If you have not read the book of Jonah recently it may be well worth your time to refresh your memory on this short but powerful book and examine the events surrounding one of God’s reluctant prophets. Though many lessons can be drawn from the book, here are but a few.
First, running with God is the only wise course of action. When God tells us in His word to do something, we ought to do it. When God called Jonah to preach to the Ninevites, he ran the other way. At every turning, we see that running away from God took Jonah down. Down to Joppa. Down into the ship. Down into the sea. And finally, down into the belly of the fish. Running from God’s instructions will take us down as well. Another of God’s prophets, Samuel, put it quite well when he said, “Behold, to obey is better than sacrifice, and to heed than the fat of rams” (1 Sam. 15:22).
Second, God truly is a God of grace and mercy. In spite of Jonah’s disobedience, of which God had every right to punish him, God’s mercy was available for him even in the belly of the fish. God had prepared a fish to save him from the sea and to allow him time to think. A little time out might be good for us as well if we are running away from God. Jonah’s plea reflects that of the Prodigal Son (Lk. 15). In both cases, God’s grace and mercy were shown. The Prodigal returned to open arms of his father and Jonah to his new life and renewed purpose.
Third, our righteous anger must be tempered with grace. James put it this way: “…The wrath of man does not produce the righteousness of God” (1:20). God Himself was set to destroy Nineveh in forty days. However, by sending Jonah, God had hoped that they would repent and they did, from the king to the commoner. Therefore, “God relented from the disaster that He had said He would bring upon them…” (3:10). Did they deserve to be punished for their sins? Yes. Yet, God’s grace was shown to a repentant people. Jonah was angered by this. Jonah showed the great contrast between his wrath and God when he said, “I know that You are a gracious and merciful God, slow to anger and abundant in lovingkindness, one who relents from doing harm” (4:2). Such a mindset is found in the words of Jesus when He said, “But go and learn what this means: ‘I desire mercy and not sacrifice.’ For I did not come to call the righteous, but sinners, to repentance” (Matt. 9:13). We need to meditate upon these words when we are so angry that we wish for someone’s harm or demise. Our wrath may be cloaked under the veil of seeking justice, yet God knows the heart of every man and woman.
As we turn to the book of Obadiah, let us consider three lessons. (Take a moment to read these twenty-one verses.) First, we see the destructive nature of pride.
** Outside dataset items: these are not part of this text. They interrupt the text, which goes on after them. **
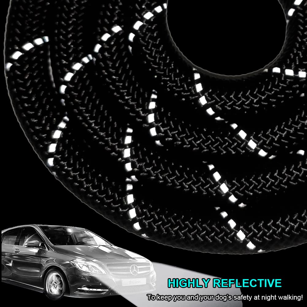 Btinesful 6Ft Chewproof Dog Leash, Strong Nylon Rope With Anti-Chewing Chain And Padded Handle For Medium Large Dogs Outdoor Training Walking Hiking Black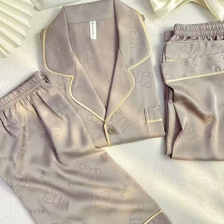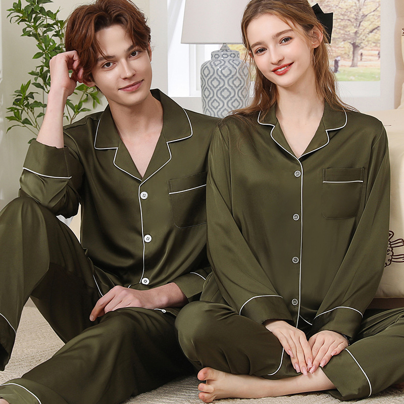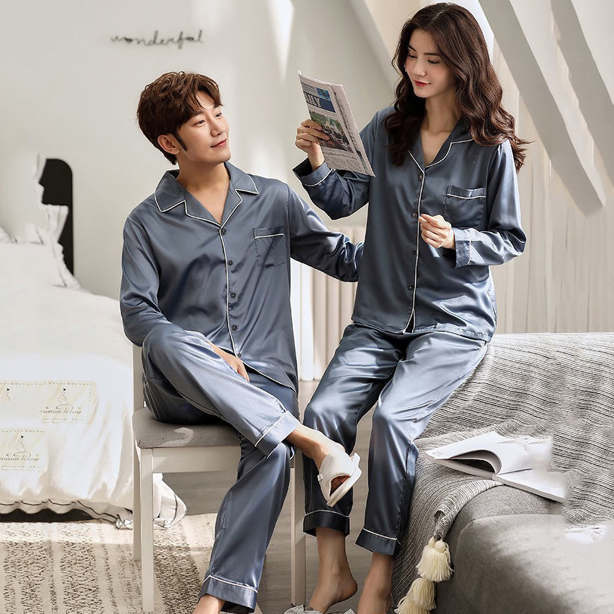 韓国カップルパジャマ女性春秋長袖氷糸夏薄手2025新型男性シミュレーションシルクルームウェア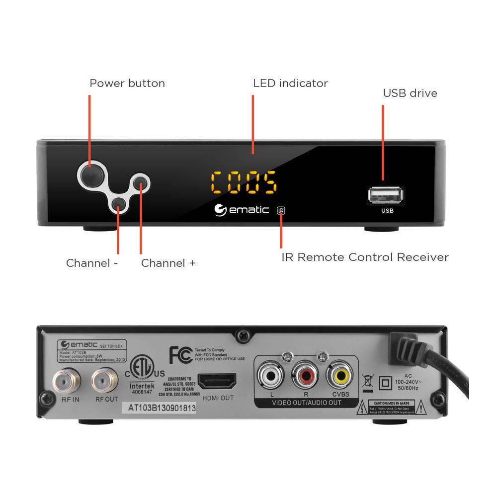 The Ematic AT103 Digital Converter box allows your TV without a digital tuner to receive new digital broadcasts. Record shows in real time or set timers for when to start and stop recording. Programs will be saved to your S drive. View pictures, play music, or watch movies and shows from your personal S drive.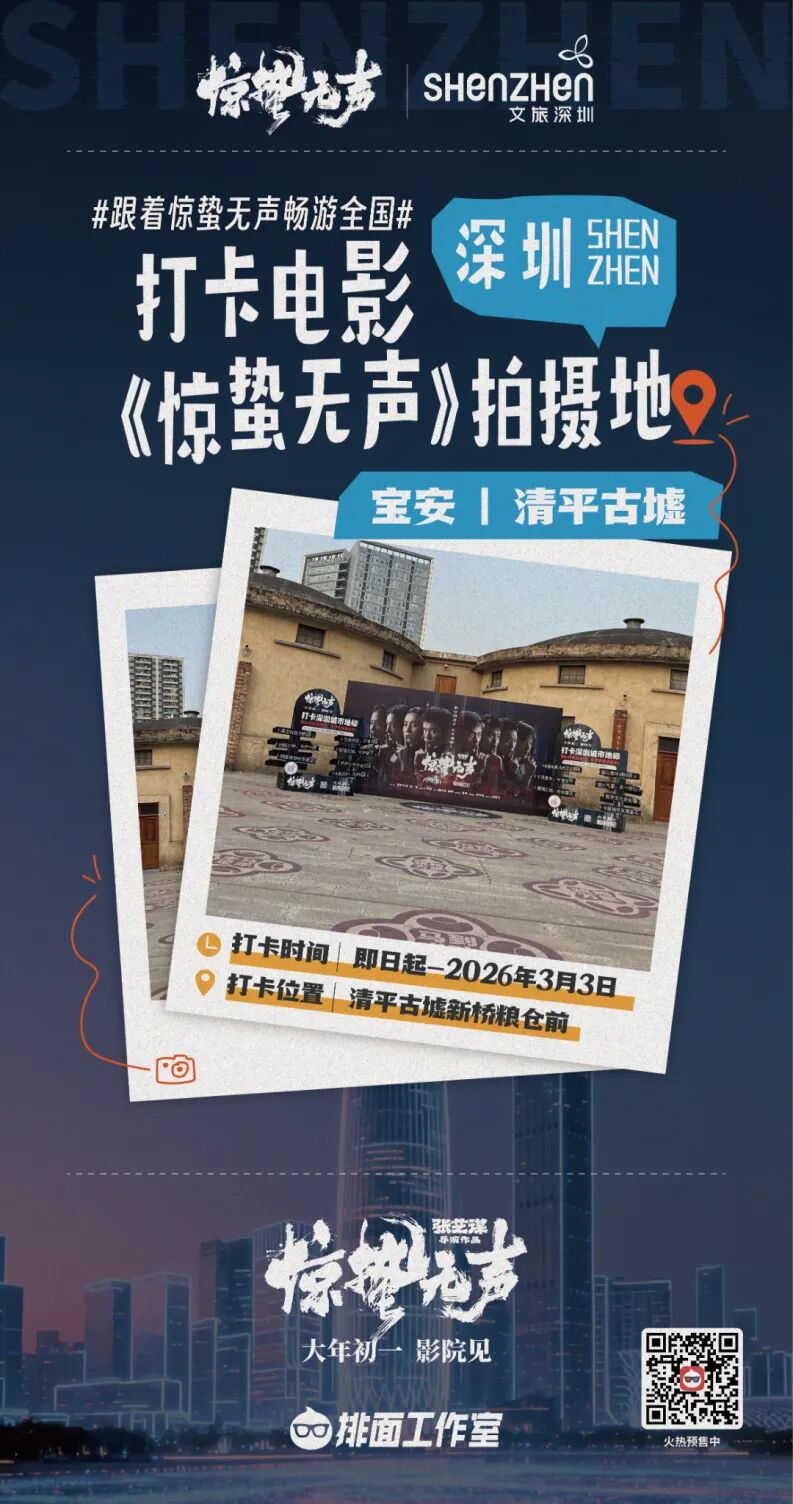 深圳新闻网2026年2月15日讯(记者 李小辉)张艺谋导演最新力作《惊蛰无声》将于大年初一登陆全国院线,该片近90%场景取自深圳,其中多处重要镜头在宝安新桥影视产业基地完成拍摄,同步推出的多处电影同款打卡点即日起至2026年3月3日免费向市民游客开放。

Verse 3 says, “The pride of your heart has deceived you…” It was the wise Solomon who said, “Pride goes before destruction, and a haughty spirit before a fall” (Prov. 16:18). Of the seven things the Lord hates, “a proud look” is the first on the list (Prov. 6:16-17). “The pride of life” is listed as that which “is not of the Father but is of the world” (1 Jn. 2:16). Pride is the one sin no one has a problem with because pride itself blinds us to it. Thus, we must be careful to examine ourselves intently to make sure that it does not spring up in our lives.
Second, the Edomites were prideful because they trusted in worldly things. They believed that their position was secure because they made their dwelling place in the clefts of the rock (v. 3). They believed their fortress was so impenetrable that no one could possibly defeat them. They placed great faith in their wise men and in their mighty men (vs. 8-9). Yet, they were of no avail because God had set Himself against them. In what do we place our security? Is it wealth, stocks, bonds or our possessions? Is it in our education, job or our health? All of these will eventually fade in time. It was King David who correctly said, “Some trust in chariots, and some in horses; but we will remember the name of the Lord our God” (Ps. 20:7).
Third, we need to be mindful that we have a responsibility to our brethren and our neighbors. God told Edom that Jacob was his brother (v. 10). Yet, in the day that foreigners entered the gates of Jerusalem, what had they done? “You stood on the other side” (v. 11). They did nothing to help their brother. Edom held back to God’s displeasure. How often do we stand to the side when we have an opportunity to help? The parable of the Good Samaritan is beloved by many, yet how often do we find ourselves in the position of the priest and Levite when we hold back our money, time and other support? The Lord lets Edom know, as well as us, that there are consequences for not assisting those in need.
These are but a few lessons from Jonah and Obadiah. There are many others. Let us take the time to learn some important lessons from the Minor Prophets.